Joining local datasets
In this example we will examine how to join local datasets and then upload them into the EvoML platform.
Step 1: Connecting into the platform
As a first step you will need to connect into the platform using your credentials.
from typing import Final
import evoml_client as ec
import pandas as pd
# Pease replace with your deploy-platform URL
API_URL: Final[str] = "https://evoml.ai"
# Please replace with your username
USERNAME: Final[str] = ""
# Please replace with your password
PASSWORD: Final[str] = ""
# Connect to the platform
ec.init(base_url=API_URL, username=USERNAME, password=PASSWORD)
Step 2: Load the Datasets
In this example, we will use the following datasets:
-
users.csv
: Contains user information with columns:user_id
: Unique identifier for the user.name
: Name of the user.job_id
: Foreign key linking to thejobs.csv
dataset.salary
: Salary of the user.
-
jobs.csv
: Contains job information with columns:job_id
: Unique identifier for the job.job_title
: Title of the job.
users_df = pd.read_csv("./data/users.csv")
users_df.head()
jobs_df = pd.read_csv("./data/jobs.csv")
jobs_df.head()
Step 3: Joining the datasets
We will join the two datasets using pandas
, which allows merging on specific columns or indexes with control over the join type. Available join types are:
- left: Uses only keys from the left dataframe (SQL left outer join), preserves key order.

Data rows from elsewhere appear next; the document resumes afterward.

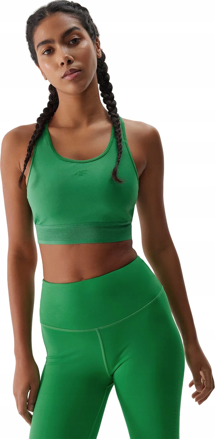 Жіночий спортивний бюстгальтер 4FWSS24TFTSF705 4F — ідеальний вибір для активних жінок. Виготовлений з високоякісних матеріалів, поліестеру та еластану, забезпечує комфорт і гнучкість. Завдяки технології 4F Dry бюстгальтер швидко висихає та ефективно відводить вологу, зберігаючи шкіру сухою навіть під час інтенсивного бігу. Гумка під бюстом з логотипом бренду гарантує ідеальну посадку. Бюстгальтер марки 4F забезпечує комфорт і підтримку під час тренувань.
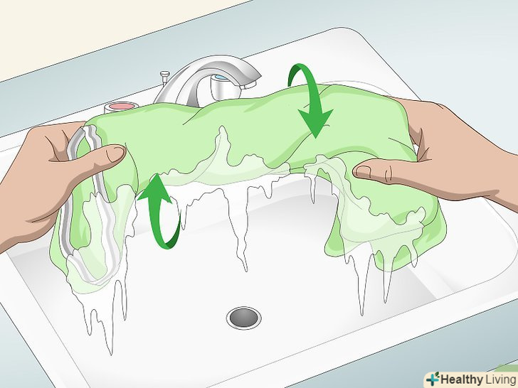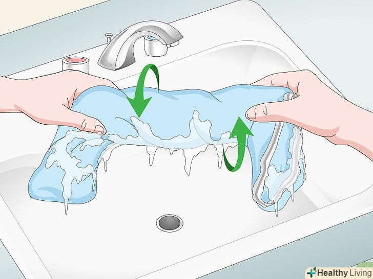 Вичавіть воду з спортивних штанів над раковиною. Візьміть спортивні штани в руки і гарненько стисніть тканину. Видавіть з штанів якомога більше води, перш ніж покласти їх в сушарку або повісити на білизняну мотузку.- Не викручуйте штани, так як це може привести до повторного розтягування тканини. [14]
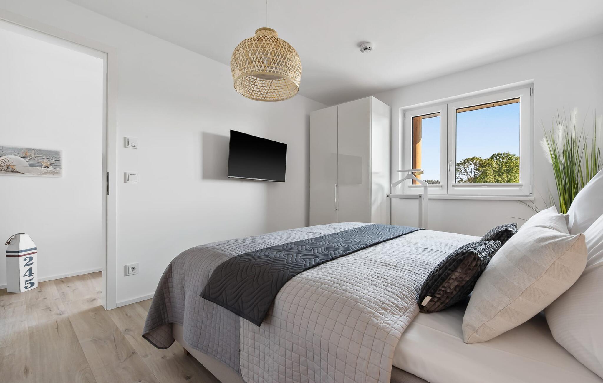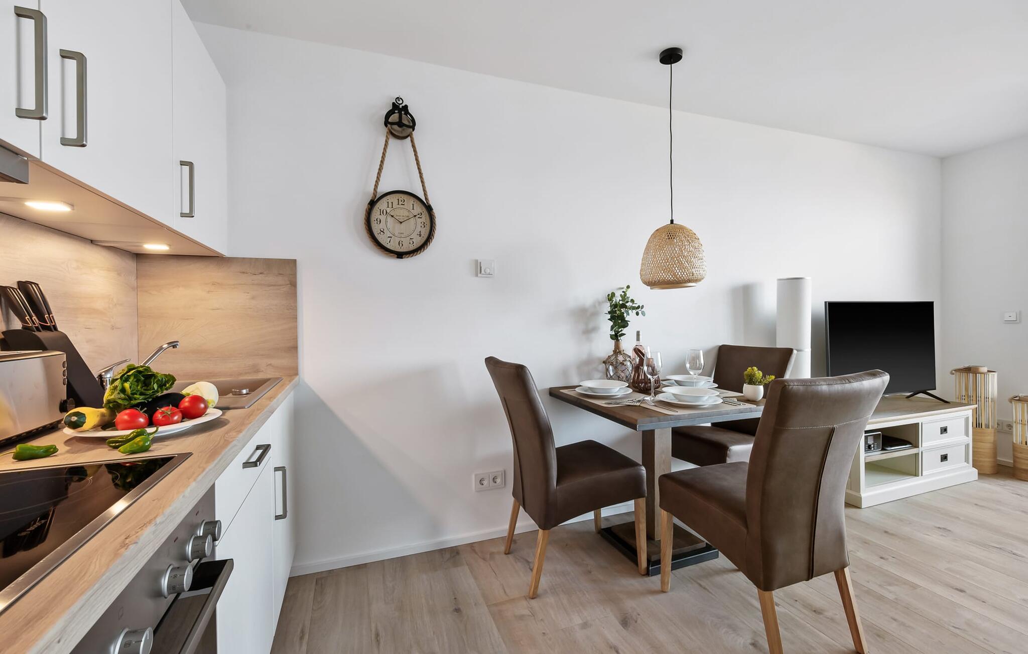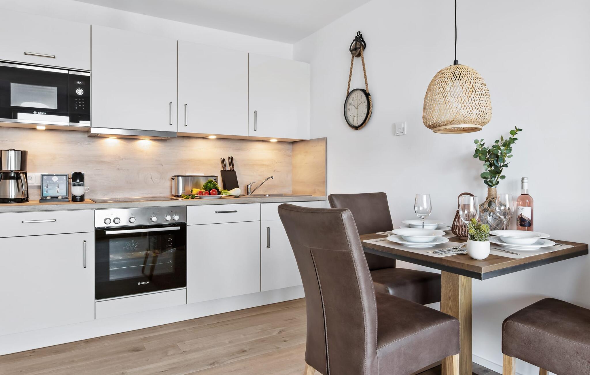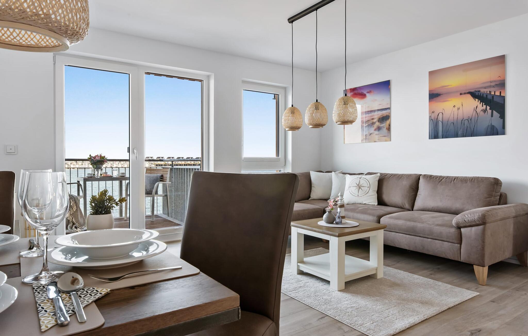 Havnebiograf i fuld effekt: I kan nyde en betagende HAVNEUDSIGT over feriestedets lystbådehavn, østersøfjorden Slien, vores flydende huse og Schimmelünde fyrtårn. Afslut dagen med en af jeres yndlingsromaner ledsaget af en billedskøn solnedgang. Den stilfuldt indrettede ferielejlighed nær vandet ligger direkte på havnepromenaden i OstseeResort Olpenitz og byder på de bedste muligheder for at gå en tur med et voksende udvalg og korte afstande til indkøb. Sandstranden Weidefelder kan også nås hurtigt og giver mulighed for lange gåture på ethvert tidspunkt af året. Lejlighedens eksklusive indretning og udstyr, såsom den vellykkede rumlige forbindelse af det moderne tekøkken til den eksklusive opholdsstue, understreger den hyggelige atmosfære i de rolige omgivelser. I kan se både passere forbi ved indsejlingen til Østersøen fra hele opholds-/spiseområdet og balkonen. EN HARBOR HAVUDSIGT, der er uden sidestykke. Når det kommer til lækre feriemåltider, lader det fuldt udstyrede køkken intet tilbage at ønske. Så nyd de færdige lækkerier på altanen eller start en hyggelig grillaften. Ferielejligheden har soveværelse med dobbeltseng. Her finder I endnu et TV. Det smukke badeværelse har en moderne bruseniche i gulvniveau, en vaskemaskine og et stort spejl. Til lejligheden hører parkeringsplads, hvorfra lejligheden på 1. sal kan nås nemt og barrierefrit via elevator. Vores yndlingssted: Fra balkonen med udsigt til himlen kan I sætte fødderne op og, bevæbnet med en bog, nyde solnedgangen med lyden af havet... Bemærk venligst: OstseeResort Olpenitz er meget populært, og der bygges fortsat i parken. Ikke desto mindre kan I se frem til en 5-stjernet standard og et førsteklasses ophold. Byggeaktiviteterne kommer ikke til at forstyrre jer på ferien, og derfor gives der ikke yderligere afslag i prisen.
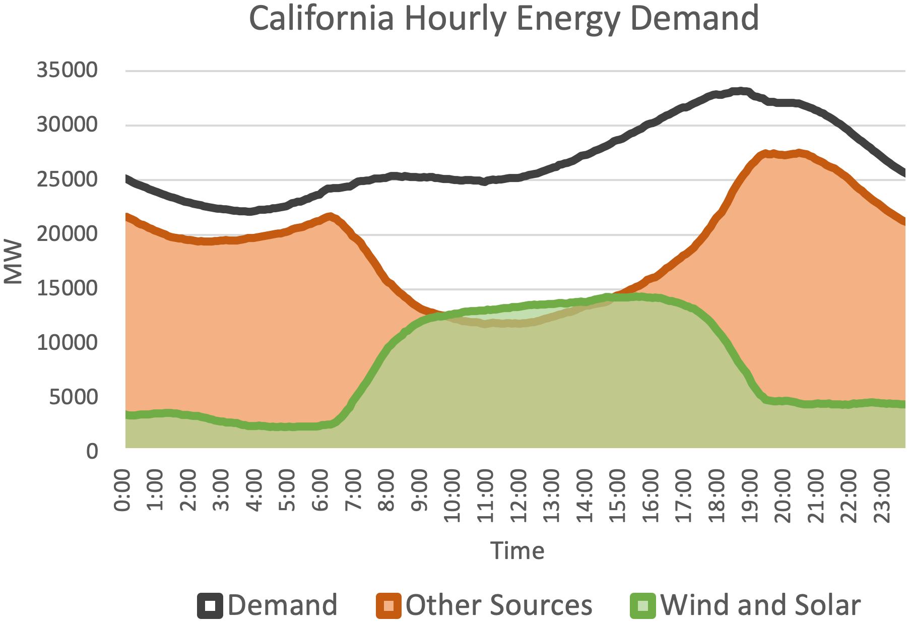 Renewable electricity from solar and wind is intermittent. Solar output peaks at midday, but demand peaks in the evening — a mismatch known as the duck curve.8 Grid-scale energy storage is the missing piece for full renewable adoption.
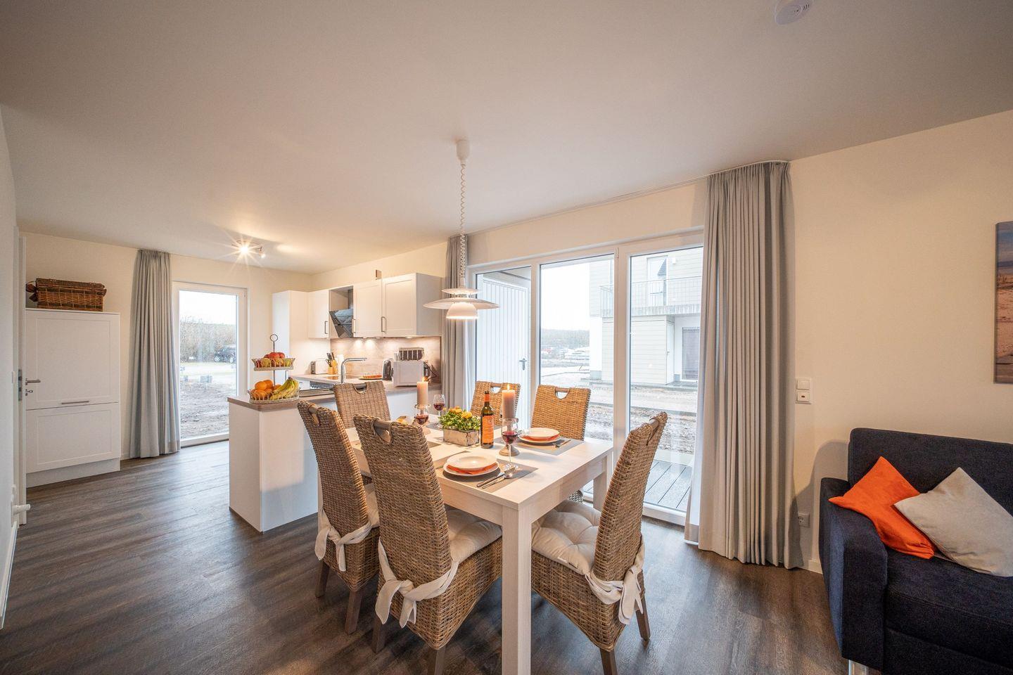 Durch einen charmanten Windfang gelangen Sie in den hellen, freundlichen Wohnbereich. Die offene Küche mit hochwertiger Ausstattung, inklusive Mikrowelle, lädt dazu ein, gemeinsam zu kochen und den großen Esstisch mit seinen sechs Stühlen zum Herzstück geselliger Stunden zu machen. Ein prasselnder Kaminofen sorgt dabei für wärmende Gemütlichkeit. Im hinteren Bereich finden Sie eine behagliche Sofaecke mit Fernseher – perfekt für entspannte Abende.
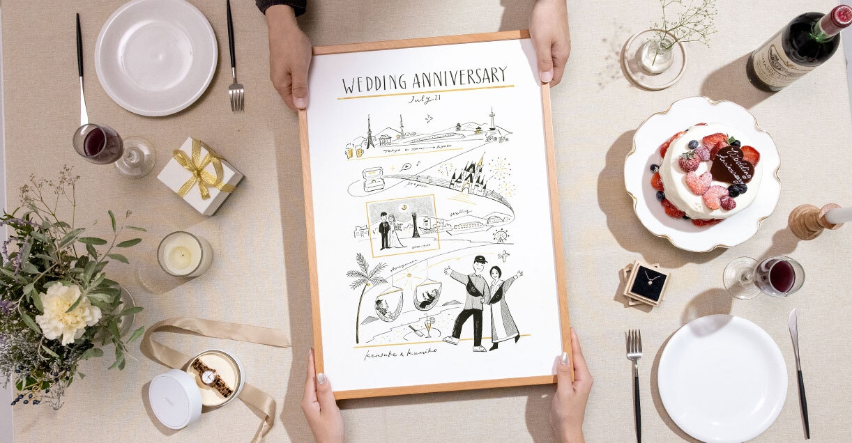 人気イラスト作家・ancoさんが1枚ずつ丁寧に手描きした温かみのあるイラストを使用し、おふたりそれぞれのエピソードを彩ります。
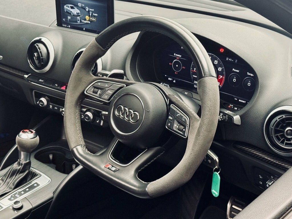 Finished in Mythos Black with Fine Nappa Leather with Rhombus Pattern - RS Sport Seats with RS Embossed Logo - Black- Grey Stitching. --- FACTORY SPEC --- It boasts some amazing Spec from the factory including; Panoramic Glass Sunroof / 19in Alloy Wheels - 5-Arm Rotor Design Audi Sport - Gloss Anthracite Black - Diamond Cut Finish / RS Sports Exhaust System / RS Sports Suspension / Audi Phone Box with Wireless Charging / Audi Smartphone Interface / Audi Sound System / Audi Virtual Cockpit with RS Specific Display / Black Styling Package / Brake Calipers Painted in Black with RS Logo at the Front / Audi Hill Hold Assist / Audi Parking System Plus / Cruise Control / Heated Front Seats / Inlays - Carbon / LED Headlights with LED Rear Lights and Dynamic Rear Indicators / MMI Navigation Plus including MMI Touch / DAB Radio / Bluetooth / Door Mirrors - Electrically Adjustable and Heated with Integrated LED Side Indicators / Auto-Dimming Rear-View Mirror / Tyre Pressure Monitoring System / Privacy Glass plus so much more. --- SERVICE HISTORY --- Excellently maintained with service history present, 4 services from Audi in total with the most recent carried out on 29,712 miles and included Spark Plugs and a Brake Fluid service. Independent Multi-point health check just carried out showing a clean bill of health. MOT due 01/09/2026 Fine Nappa Leather with Rhombus Pattern , 19in Alloy Wheels - 5-Arm Rotor Design A, 2 x USB Charging Ports and 1 x AUX-IN, 6-Airbag System with Knee Airbag for Dri, Aluminium Interior Elements, Anti Theft Locking Wheel Bolts, Anti-Theft Alarm, Audi Connect Infotainment Services (36 M, Audi Drive Select, Audi Hill Hold Assist, Audi Parking System Plus, Audi Phone Box with Wireless Charging, Audi Smartphone Interface, Audi Sound System, Audi Virtual Cockpit with RS Specific Di, Auto-Dimming Rear-View Mirror, Black Door Mirrors, Black Styling Package, Bluetooth Interface, Brake Calipers Painted in Black with RS , CD Drive, Cruise Control, DAB Digital Radio, Door Mirrors - Electrically Adjustabl
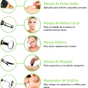 Estimula puntos de acupuntura y produce vibración ligera en la piel para fisioterapia efectiva.
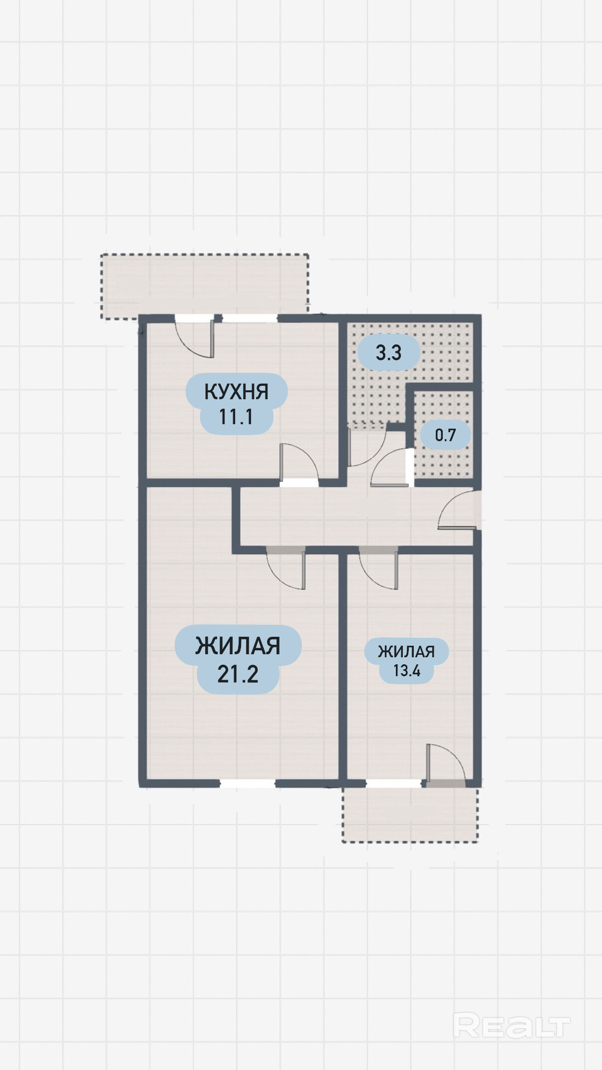 Площадь квартиры 60 м2. Светлые и просторные комнаты 21,2 м2 и 13,4 м2. Большая кухня 12 м2. Два балкона: с выходом из кухни и жилой комнаты, совмещенный с/у. В квартире выполнен качественный и современный ремонт. Потолки — натяжные, с современным led освещением. Сделана стяжка пола, полная замена инженерной и чистовой сантехники и электрики. На каждое помещение идёт отдельный автомат с распределительного щитка, а также установлены отдельные автоматы на стиральную машину, духовку и плиту. Для удобства и комфорта в комнатах установлены проходные выключатели. На полах в комнатах — ламинат. В коридоре, санузле и кухне — керамогранит. Стены отделаны качественными обоями с эффектом шелкографии и декоративной штукатуркой, в ванной — керамогранит. Отопление — центральное. Также есть 2 больших балкона (с кухни и из спальни).

- right: Uses only keys from the right dataframe (SQL right outer join), preserves key order.
- outer: Uses the union of keys from both frames (SQL full outer join), sorts keys lexicographically.
- inner: Uses the intersection of keys from both frames (SQL inner join), preserves the order of left keys.
- cross: Creates a cartesian product of both frames, preserves left key order.
For more details, refer to the pandas documentation.
For this example we will be joining the two datases on the job_id
column using the left
join.
df_merged = pd.merge(users_df, jobs_df, left_on="job_id", right_on="job_id", how="left")
df_merged.head()
Step 4: Upload the Joined Dataset into the evoml Platform
In this step, we will upload the merged dataset to the evoml platform. The following code snippet demonstrates how to do this:
dataset = ec.Dataset.from_pandas(df_merged, "Users-Jobs Dataset", "A merged dataset")
dataset.put()
print(dataset.dataset_id)